Pouco antes de ser aposentar, o ídolo dizia que assumiria algum dia o comando técnico de “Los Millionarios”. Apesar da vontade nunca ter sido concretizada, oportunidades para tal não faltaram.
“(Me convidaram para ser técnico do River) cinco ou seis vezes, cada vez que houve problemas. A primeira foi quando jogava. Disse à Davicce: ‘Mas estou jogando tão mal?’ Foi antes de uma partida contra o Boca, em Mar del Plata; haviam dado um ultimato a Ramón Díaz, eu tinha acabado de operar o ombro e ganhamos por 1-0 com gol meu. Então, para dar apoio, chamei ele para subir no pódio. A última vez foi depois de Passarella”, contou.

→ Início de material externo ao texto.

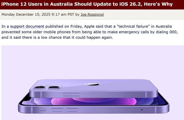 来源:环球网 【环球网科技综合报道】12月16日消息,据MacRumors报道,苹果公司于周五发布支持文件,证实澳大 利亚地区部分旧款 iPhone 因技术故障,在特定情况下无法通过拨打当地紧急电话 000 接通救援服务。 苹果方面表示,该故障再次发生的概率较低,相关方已着手采取优化措施。 根据苹果官方说明,此次故障主要影响澳大利亚偏远地区的部分用户。当用户的主用移动网络不可用 时,即便周边存在其他可用网络,且按正常机制应自动转接紧急呼叫,受影响设备仍无法成功拨通 000。文件同时提及,移动运营商正积极采取措施,以降低未来类似问题的发生风险。 值得注意的是,此次故障并非苹果设备专属,近期已有新闻报道显示三星部分手机也受到类似影响。苹 果明确了不受影响的机型范围:iPhone XS、iPhone XR、iPhone 11 以及所有 iPhone 13 及更新机型均未 受波及。针对 iPhone 12 用户,苹果指出上周发布的 iOS 26.2 系统更新已针对该场景提供支持,可有效 避免类似问题。 对于更早期的 iPhone 机型,苹果表示若后续确认其同样受该故障影响,相关用户将直接从所属移动运 营商处获得进一步 ...

Casado com Mariela Yern desde 1984, e pai de dois filhos, Bruno e Marco, Francescoli retornou, após 23 anos, ao River Plate no final de 2013. Contratado pelo presidente do Rodolfo D’Onofrio, o ídolo assumiu a Secretária Técnica, sendo responsável direto pela implementação de uma metodologia voltada para as canteras, bem como pela chegada de Gallardo e, consequentemente, do período vitorioso recente do clube.